The pronotum has a noticeable narrowing near the front sides. Its surface is coarsely punctured except near the base, with net-like spaces between the punctures that are mostly smooth. A faint, smooth central ridge runs down the middle. The elytra have grooves marked by dense rows of small punctures and faint hairlines, with similar rows of punctures in the spaces between. These areas are mostly smooth, with a few short hairs near the tip. The tip of the elytra is nearly straight.

The femora lack notches and have a distinct ridge on the underside. Their front surfaces are coarsely punctured, with each puncture bearing a club-shaped scale. The hind femur has a toothed upper rear edge and a stridulatory patch near the tip. The upper edge of the hind tibia is also toothed. The first two abdominal segments are slightly sunken and mostly smooth, with long, upright, slightly curved setae. The fifth segment is flat, finely textured, and punctured.

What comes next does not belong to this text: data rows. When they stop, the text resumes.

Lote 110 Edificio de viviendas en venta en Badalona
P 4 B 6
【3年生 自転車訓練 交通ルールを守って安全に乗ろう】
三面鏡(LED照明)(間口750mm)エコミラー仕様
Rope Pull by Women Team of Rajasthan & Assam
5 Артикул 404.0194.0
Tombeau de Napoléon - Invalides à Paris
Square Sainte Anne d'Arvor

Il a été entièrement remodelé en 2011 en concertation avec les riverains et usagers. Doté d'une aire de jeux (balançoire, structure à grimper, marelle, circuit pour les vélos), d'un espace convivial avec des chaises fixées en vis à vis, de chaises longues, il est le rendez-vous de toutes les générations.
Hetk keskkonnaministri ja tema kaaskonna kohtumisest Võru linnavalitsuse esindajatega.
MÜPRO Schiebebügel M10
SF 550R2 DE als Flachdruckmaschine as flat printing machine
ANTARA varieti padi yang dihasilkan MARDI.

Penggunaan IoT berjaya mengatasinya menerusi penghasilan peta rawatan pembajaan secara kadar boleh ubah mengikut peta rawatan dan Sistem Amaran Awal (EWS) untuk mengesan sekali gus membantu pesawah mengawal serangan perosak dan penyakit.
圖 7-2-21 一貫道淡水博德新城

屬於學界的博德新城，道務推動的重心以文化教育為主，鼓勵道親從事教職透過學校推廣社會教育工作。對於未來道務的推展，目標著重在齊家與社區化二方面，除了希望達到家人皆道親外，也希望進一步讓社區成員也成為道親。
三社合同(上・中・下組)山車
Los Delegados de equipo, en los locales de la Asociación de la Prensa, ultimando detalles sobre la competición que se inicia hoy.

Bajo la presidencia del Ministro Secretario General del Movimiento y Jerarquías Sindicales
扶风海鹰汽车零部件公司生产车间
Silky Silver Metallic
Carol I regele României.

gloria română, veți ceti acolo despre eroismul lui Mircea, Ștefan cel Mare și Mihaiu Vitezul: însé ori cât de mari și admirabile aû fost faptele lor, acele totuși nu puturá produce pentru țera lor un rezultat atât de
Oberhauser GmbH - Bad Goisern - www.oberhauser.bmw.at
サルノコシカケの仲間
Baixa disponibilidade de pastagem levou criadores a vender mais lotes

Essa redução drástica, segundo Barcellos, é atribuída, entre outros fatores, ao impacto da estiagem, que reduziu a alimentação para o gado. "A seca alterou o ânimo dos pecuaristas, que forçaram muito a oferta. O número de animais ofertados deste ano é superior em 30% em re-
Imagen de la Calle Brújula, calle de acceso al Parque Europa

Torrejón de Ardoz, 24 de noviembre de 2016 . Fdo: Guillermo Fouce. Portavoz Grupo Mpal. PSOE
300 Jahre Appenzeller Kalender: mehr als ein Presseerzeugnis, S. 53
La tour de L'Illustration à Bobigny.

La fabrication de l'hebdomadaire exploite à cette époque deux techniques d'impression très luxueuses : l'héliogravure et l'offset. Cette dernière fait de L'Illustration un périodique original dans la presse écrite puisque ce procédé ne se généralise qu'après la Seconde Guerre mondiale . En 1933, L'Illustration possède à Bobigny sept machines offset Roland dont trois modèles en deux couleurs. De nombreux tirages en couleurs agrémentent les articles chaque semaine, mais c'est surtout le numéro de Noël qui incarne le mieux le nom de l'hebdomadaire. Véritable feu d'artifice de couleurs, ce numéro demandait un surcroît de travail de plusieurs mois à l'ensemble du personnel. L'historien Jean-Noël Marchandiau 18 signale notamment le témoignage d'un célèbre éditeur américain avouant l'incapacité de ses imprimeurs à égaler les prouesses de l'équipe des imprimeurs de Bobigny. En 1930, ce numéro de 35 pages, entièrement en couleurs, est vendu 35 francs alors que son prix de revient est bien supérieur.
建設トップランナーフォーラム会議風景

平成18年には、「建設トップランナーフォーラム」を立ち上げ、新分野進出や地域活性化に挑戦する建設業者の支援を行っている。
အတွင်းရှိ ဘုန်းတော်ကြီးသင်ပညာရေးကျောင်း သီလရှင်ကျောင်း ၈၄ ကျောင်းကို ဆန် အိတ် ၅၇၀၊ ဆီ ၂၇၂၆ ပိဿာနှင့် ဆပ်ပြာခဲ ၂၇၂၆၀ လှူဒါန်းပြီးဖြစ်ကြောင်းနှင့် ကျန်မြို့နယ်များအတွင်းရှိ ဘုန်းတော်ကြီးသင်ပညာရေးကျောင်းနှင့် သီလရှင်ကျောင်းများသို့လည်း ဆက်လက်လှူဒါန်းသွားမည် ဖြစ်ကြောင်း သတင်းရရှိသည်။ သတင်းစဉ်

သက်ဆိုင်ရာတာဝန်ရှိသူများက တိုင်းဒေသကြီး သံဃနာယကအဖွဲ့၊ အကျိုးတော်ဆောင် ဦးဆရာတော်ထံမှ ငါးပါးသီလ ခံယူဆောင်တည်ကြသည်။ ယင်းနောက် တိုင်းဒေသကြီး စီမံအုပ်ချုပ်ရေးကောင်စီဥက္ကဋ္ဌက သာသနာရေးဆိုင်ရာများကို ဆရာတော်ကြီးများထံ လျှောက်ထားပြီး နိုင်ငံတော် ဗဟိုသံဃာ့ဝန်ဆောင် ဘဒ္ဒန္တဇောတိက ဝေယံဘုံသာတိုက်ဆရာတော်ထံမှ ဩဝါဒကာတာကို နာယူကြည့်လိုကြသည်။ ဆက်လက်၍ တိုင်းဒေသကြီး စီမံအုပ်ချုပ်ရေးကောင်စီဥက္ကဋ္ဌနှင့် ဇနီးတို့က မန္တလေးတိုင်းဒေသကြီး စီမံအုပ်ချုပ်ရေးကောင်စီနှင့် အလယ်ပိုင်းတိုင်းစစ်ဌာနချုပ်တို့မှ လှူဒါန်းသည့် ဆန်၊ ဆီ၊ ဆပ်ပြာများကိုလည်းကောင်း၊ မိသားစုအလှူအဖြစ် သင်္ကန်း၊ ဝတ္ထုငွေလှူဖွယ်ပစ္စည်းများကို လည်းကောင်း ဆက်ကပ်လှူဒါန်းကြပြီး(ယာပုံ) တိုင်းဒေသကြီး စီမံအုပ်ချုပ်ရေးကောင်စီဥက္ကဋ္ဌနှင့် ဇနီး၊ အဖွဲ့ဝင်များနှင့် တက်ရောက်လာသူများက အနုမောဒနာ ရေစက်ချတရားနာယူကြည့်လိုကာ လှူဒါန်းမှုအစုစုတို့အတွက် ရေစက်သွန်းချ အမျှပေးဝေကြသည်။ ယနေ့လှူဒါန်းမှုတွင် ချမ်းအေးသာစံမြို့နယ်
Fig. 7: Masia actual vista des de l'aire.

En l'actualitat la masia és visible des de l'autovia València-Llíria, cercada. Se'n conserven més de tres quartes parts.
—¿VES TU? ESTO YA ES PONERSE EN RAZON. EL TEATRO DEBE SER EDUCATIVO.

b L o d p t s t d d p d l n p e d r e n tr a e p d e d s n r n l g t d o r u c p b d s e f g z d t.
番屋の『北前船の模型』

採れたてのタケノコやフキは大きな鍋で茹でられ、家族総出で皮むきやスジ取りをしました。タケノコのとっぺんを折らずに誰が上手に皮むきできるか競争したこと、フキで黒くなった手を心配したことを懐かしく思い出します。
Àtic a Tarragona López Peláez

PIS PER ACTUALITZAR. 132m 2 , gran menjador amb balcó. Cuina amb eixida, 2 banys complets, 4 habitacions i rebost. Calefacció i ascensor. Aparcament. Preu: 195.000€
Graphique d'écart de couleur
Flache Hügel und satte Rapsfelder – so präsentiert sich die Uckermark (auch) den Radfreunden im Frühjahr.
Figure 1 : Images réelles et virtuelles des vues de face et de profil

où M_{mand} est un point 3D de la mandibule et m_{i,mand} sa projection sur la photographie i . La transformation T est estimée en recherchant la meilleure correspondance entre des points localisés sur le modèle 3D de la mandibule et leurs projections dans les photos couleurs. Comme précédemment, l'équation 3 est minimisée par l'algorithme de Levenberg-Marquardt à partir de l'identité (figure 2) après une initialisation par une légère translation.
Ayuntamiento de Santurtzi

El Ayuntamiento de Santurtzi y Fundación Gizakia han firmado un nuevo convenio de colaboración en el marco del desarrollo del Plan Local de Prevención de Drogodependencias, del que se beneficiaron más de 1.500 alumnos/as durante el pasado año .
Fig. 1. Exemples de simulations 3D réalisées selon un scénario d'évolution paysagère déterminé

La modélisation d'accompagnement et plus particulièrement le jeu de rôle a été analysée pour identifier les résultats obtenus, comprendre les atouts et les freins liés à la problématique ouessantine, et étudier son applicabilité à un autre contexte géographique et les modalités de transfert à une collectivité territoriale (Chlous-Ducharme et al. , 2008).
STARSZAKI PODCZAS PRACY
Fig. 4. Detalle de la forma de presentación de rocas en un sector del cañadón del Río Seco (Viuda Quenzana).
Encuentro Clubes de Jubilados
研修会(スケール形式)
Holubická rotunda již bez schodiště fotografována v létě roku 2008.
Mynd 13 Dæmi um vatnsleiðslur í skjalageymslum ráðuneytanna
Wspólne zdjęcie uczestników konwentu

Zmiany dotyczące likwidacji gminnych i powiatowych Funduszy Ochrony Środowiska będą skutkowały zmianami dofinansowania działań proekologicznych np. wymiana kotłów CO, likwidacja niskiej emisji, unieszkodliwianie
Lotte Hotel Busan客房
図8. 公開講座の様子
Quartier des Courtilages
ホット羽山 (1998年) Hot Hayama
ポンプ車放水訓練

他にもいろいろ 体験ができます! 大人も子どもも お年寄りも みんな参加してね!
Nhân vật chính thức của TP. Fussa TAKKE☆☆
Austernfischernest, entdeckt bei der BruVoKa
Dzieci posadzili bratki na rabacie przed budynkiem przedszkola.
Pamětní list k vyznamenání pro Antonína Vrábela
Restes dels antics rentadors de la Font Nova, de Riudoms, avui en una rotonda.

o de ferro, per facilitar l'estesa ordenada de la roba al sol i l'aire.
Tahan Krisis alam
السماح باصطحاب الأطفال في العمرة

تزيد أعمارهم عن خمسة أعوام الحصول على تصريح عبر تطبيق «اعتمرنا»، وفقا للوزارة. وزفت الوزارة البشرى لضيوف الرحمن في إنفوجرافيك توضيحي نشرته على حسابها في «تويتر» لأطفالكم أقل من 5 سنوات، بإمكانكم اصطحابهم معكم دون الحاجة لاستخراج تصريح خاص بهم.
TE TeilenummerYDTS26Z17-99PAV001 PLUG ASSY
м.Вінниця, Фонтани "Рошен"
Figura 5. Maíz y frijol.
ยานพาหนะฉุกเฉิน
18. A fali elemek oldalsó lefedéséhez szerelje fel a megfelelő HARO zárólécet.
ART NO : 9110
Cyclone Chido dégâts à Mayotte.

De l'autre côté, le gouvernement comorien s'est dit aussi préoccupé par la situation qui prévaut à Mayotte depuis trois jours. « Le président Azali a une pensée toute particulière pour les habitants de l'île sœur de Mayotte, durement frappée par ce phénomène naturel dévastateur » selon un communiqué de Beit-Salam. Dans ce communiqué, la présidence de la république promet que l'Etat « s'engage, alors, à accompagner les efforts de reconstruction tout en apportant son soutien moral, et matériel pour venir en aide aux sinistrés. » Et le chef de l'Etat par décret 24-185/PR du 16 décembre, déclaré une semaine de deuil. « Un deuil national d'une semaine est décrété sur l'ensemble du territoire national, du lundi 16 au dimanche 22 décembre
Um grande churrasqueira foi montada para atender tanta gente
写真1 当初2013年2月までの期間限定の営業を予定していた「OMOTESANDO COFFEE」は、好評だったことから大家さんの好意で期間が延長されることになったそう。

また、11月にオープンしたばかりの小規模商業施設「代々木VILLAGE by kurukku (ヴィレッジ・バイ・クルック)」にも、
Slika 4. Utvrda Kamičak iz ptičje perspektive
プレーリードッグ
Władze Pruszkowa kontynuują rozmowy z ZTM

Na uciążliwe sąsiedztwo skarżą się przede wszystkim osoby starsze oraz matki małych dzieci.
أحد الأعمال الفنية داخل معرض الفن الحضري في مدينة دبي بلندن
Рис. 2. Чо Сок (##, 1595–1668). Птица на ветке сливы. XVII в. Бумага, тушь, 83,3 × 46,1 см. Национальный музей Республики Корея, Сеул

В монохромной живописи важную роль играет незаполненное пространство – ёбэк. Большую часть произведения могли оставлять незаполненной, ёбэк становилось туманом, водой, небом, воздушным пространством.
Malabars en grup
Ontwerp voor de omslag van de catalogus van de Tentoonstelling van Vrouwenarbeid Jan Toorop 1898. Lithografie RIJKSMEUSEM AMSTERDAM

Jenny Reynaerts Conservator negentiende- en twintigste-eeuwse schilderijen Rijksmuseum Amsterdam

In males, the penis has nearly parallel sides and a tip with a central narrowing, bearing a few scattered hairs. The top surface has setae pointing toward the midline. The apodemes are 2.6 times the length of the penis body. The transfer apparatus is thick, flagelliform, S-shaped, and about 1.3 times longer than the penis. The ductus ejaculatorius has a faintly defined bulb at its base.

== Distribution ==
Endemic to Central Sulawesi, where it has been recorded from near Ampana. Found in leaf litter of lowland forests at elevations of 170–410 m.